EXERCISE DATA section start

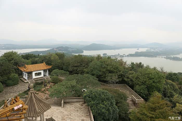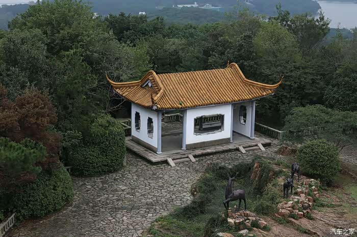 鼋头渚景区里面的一座山--鹿顶山,这座山的名字的由来还有一个美丽的传说呢。相传此山本为仙鹿,是南极仙翁的坐骑,因为触犯了天规,被仙翁一掌打下云头。这鹿下凡时,看中了水草丰美的太湖,便在湖边化成了美丽的山峰--鹿顶山。不过由于仙翁在盛怒之下用力过猛,将鹿头拍出了五指凹痕,远看成了六个小包(也就是我们看到的六个山顶)。由于无锡方言中“鹿”、“六”同音,所以无锡人也把它叫作“六顶山”。鹿顶山为鼋头渚至高点,登舒天阁远眺,可饱览湖光山色和城市风貌!
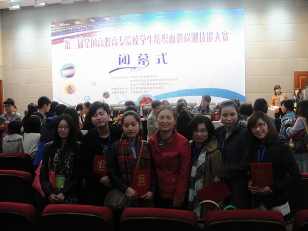 11月7日-9日,第三屆全國高職高專院校紡織面料檢測學(xué)生技能大賽在浙江紡織服裝職業(yè)技術(shù)學(xué)院舉行。紡織與藝術(shù)設(shè)計(jì)分院首次組織紡織專業(yè)5名學(xué)生參加本次比賽,經(jīng)過兩天緊張激烈的角逐,共獲得二等獎1名,三等獎3名,其中司靜靜同學(xué)獲二等獎,楊靖、李夢菲、王淳乙3位同學(xué)均獲三等獎。
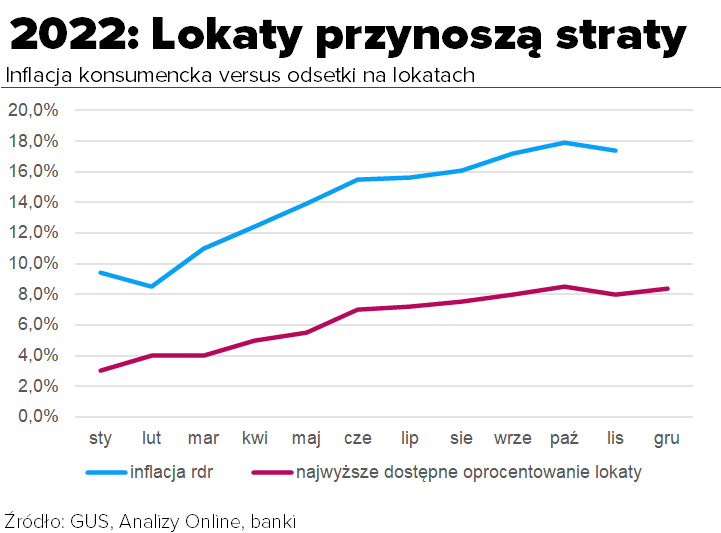 W listopadzie po raz pierwszy od czasu wprowadzenia tarczy antinflacyjnej inflacja spadła, czyli ceny rosły wolniej niż miesiąc wcześniej. Najwyższe oprocentowanie lokat natomiast lekko wzrosło po niewielkim spadku w listopadzie. Do inflacji nadal mu daleko, zawsze jednak pozwala na ochronę chociaż części wartości posiadanych pieniędzy.

EXERCISE DATA section end

THE TASK:
With the pictures set aside, return each line of the listing exactly as given.

EXERCISE OUTPUT:
 鼋头渚景区里面的一座山--鹿顶山,这座山的名字的由来还有一个美丽的传说呢。相传此山本为仙鹿,是南极仙翁的坐骑,因为触犯了天规,被仙翁一掌打下云头。这鹿下凡时,看中了水草丰美的太湖,便在湖边化成了美丽的山峰--鹿顶山。不过由于仙翁在盛怒之下用力过猛,将鹿头拍出了五指凹痕,远看成了六个小包(也就是我们看到的六个山顶)。由于无锡方言中“鹿”、“六”同音,所以无锡人也把它叫作“六顶山”。鹿顶山为鼋头渚至高点,登舒天阁远眺,可饱览湖光山色和城市风貌!
 11月7日-9日,第三屆全國高職高專院校紡織面料檢測學(xué)生技能大賽在浙江紡織服裝職業(yè)技術(shù)學(xué)院舉行。紡織與藝術(shù)設(shè)計(jì)分院首次組織紡織專業(yè)5名學(xué)生參加本次比賽,經(jīng)過兩天緊張激烈的角逐,共獲得二等獎1名,三等獎3名,其中司靜靜同學(xué)獲二等獎,楊靖、李夢菲、王淳乙3位同學(xué)均獲三等獎。
 W listopadzie po raz pierwszy od czasu wprowadzenia tarczy antinflacyjnej inflacja spadła, czyli ceny rosły wolniej niż miesiąc wcześniej. Najwyższe oprocentowanie lokat natomiast lekko wzrosło po niewielkim spadku w listopadzie. Do inflacji nadal mu daleko, zawsze jednak pozwala na ochronę chociaż części wartości posiadanych pieniędzy.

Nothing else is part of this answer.